Lawmakers voted Friday to impeach Park owing to a corruption scandal, and transferred her authority to the prime minister pending a Constitutional Court decision on whether to ratify the decision and permanently remove the president from office.

Not all impeachment proceedings are successful: The best-known survivor is probably former US president Bill Clinton, who remained in office despite an attempt to remove him owing to a sex scandal in 1999.

 Impeached by parliament 

-VENEZUELA: Then-president Carlos Andres Perez, accused of embezzlement and illegal enrichment, was suspended in May 1993 and his dismissal was confirmed by the Congress on August 31, 1993.

President Nicolas Maduro is now battling opposition demands for a referendum on whether he should remain in office.

– ECUADOR: Abdala Bucaram, accused of siphoning off public funds, was dismissed on February 6, 1997 for “physical and mental incapacity”, six months after his inauguration as president.

In April 2005, Lucio Gutierrez was accused of packing the supreme court with associates in the midst of a popular uprising and also dismissed from the presidency.

– PERU: Alberto Fujimori on November 21, 2000 resigned from the presidency by fax from Tokyo, claiming Japanese nationality through his parents.

Congress refused to accept the resignation and instead voted to sack Fujimori and ban him from public office for 10 years. Extradited, he was jailed for 25 years for having ordered massacres of civilians and for corruption.

– INDONESIA: Abdurrahman Wahid, accused of incompetence and corruption, was dismissed from the presidency on July 23, 2001.

– LITHUANIA: On April 6, 2004, president Rolandas Paksas was ousted by impeachment after being charged with granting Lithuanian citizenship to a Russian businessman in exchange for money. He was banned from standing for office in Lithuania, but was elected to the European Parliament in 2009.

– PARAGUAY: Fernando Lugo was forced from the presidency on June 22, 2012 for dereliction of duty following his handling of a land dispute that left 17 people dead.

– BRAZIL: Dilma Rousseff is ousted after the Senate votes on August 31, 2016 to impeach her for illegally manipulating the national budget.

Forced to resign

– BRAZIL: Fernando Collor de Mello, accused of corruption, resigned from the presidency on December 29, 1992 at the beginning of his impeachment hearing before the Senate.

– ISRAEL: Following a tax fraud and corruption scandal president Ezer Weizman resigned in July 2000, preferring to throw in the towel rather than face possible impeachment proceedings.

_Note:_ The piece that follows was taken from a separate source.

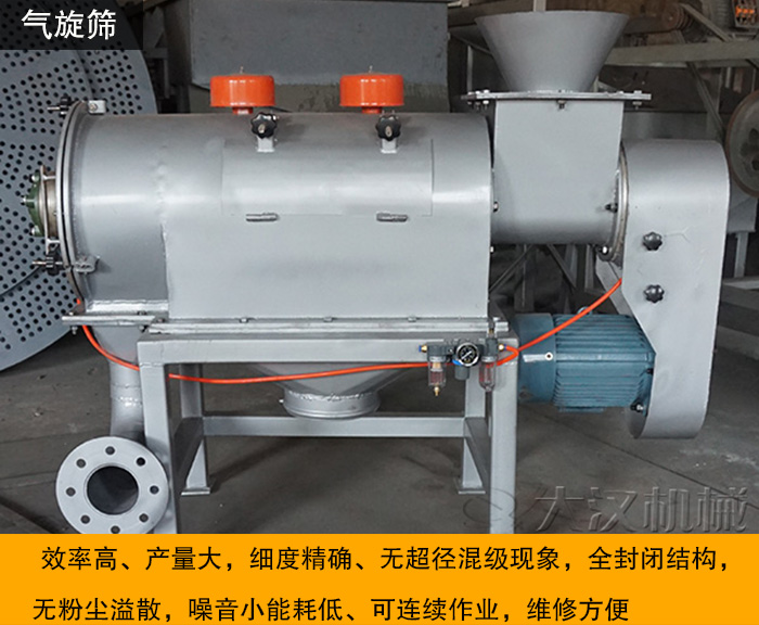 我公司設(shè)計(jì)生產(chǎn)的硫磺粉專用氣流篩是一種對(duì)微細(xì)粉進(jìn)行有網(wǎng)篩分的高精度篩分設(shè)備,可對(duì)細(xì)度范圍在80-500目內(nèi)的粉狀物料很好的連續(xù)篩分,篩網(wǎng)可任意更換。篩分效率高、產(chǎn)量大,細(xì)度、無超徑混級(jí)現(xiàn)象,全封閉結(jié)構(gòu),無粉塵溢散,噪音小能耗低、可連續(xù)作業(yè),維修方便。 本設(shè)備篩網(wǎng)為圓筒狀,置于機(jī)體內(nèi),物料通過螺旋輸送系統(tǒng)后,和氣流混合、霧化進(jìn)入網(wǎng)筒內(nèi).通過網(wǎng)筒內(nèi)風(fēng)輪葉片使物抖同時(shí)受離心力和旋風(fēng)推進(jìn)力,從而迫使物抖噴射過網(wǎng),由細(xì)料排出口排出,不能過網(wǎng)的物科沿網(wǎng)篩筒壁從粗料排出口排出,篩分能力非常強(qiáng),防止了堵網(wǎng)發(fā)生,能提高生產(chǎn)效率。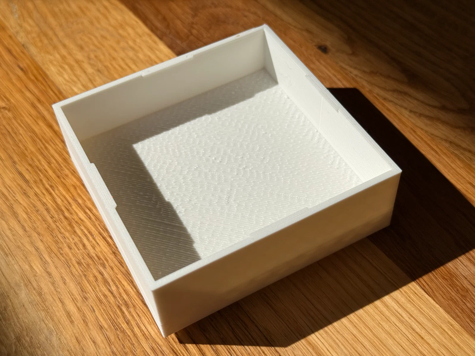 In bằng nhựa PLA trắng với độ infill 20% tiêu chuẩn là đủ cứng cáp rồi. Bạn nên in với mặt áp tường hướng xuống dưới và dùng thêm support để mặt trước được đẹp nhé.

In June 2007 president Moshe Katsav resigned as part of a plea bargain after being accused of rape and other sexual offences. In 2011 he was handed a seven-year prison term.

– GERMANY: Christian Wulff resigned from the federal presidency in February 2012 after being stripped of his immunity following an accusation of influence peddling. He was later cleared.

– GUATEMALA: Otto Perez, accused of being part of a ring of officials who took bribes to allow companies to import goods without paying import taxes, was stripped of his presidential immunity by parliament on September 1, 2015. Facing impeachment he stood down two days later.

Procedures that failed 

Other heads of state have been subject to impeachment procedures which did not succeed.

They include Russia’s Boris Yeltsin in 1999, Luis Gonzalez Macchi in Paraguay in 2003, Roh Moo-Hyun in South Korea in 2004 and Hery Rajaonarimampianina in Madagascar in 2015.

In the United States, president Richard Nixon resigned in August 1974 to avoid almost certain impeachment over the Watergate scandal.

On two occasions the lower US House of Representatives launched impeachment proceedings against the president, the first against Andrew Johnson in 1868 and then against Clinton in 1999. Both were later cleared by the Senate.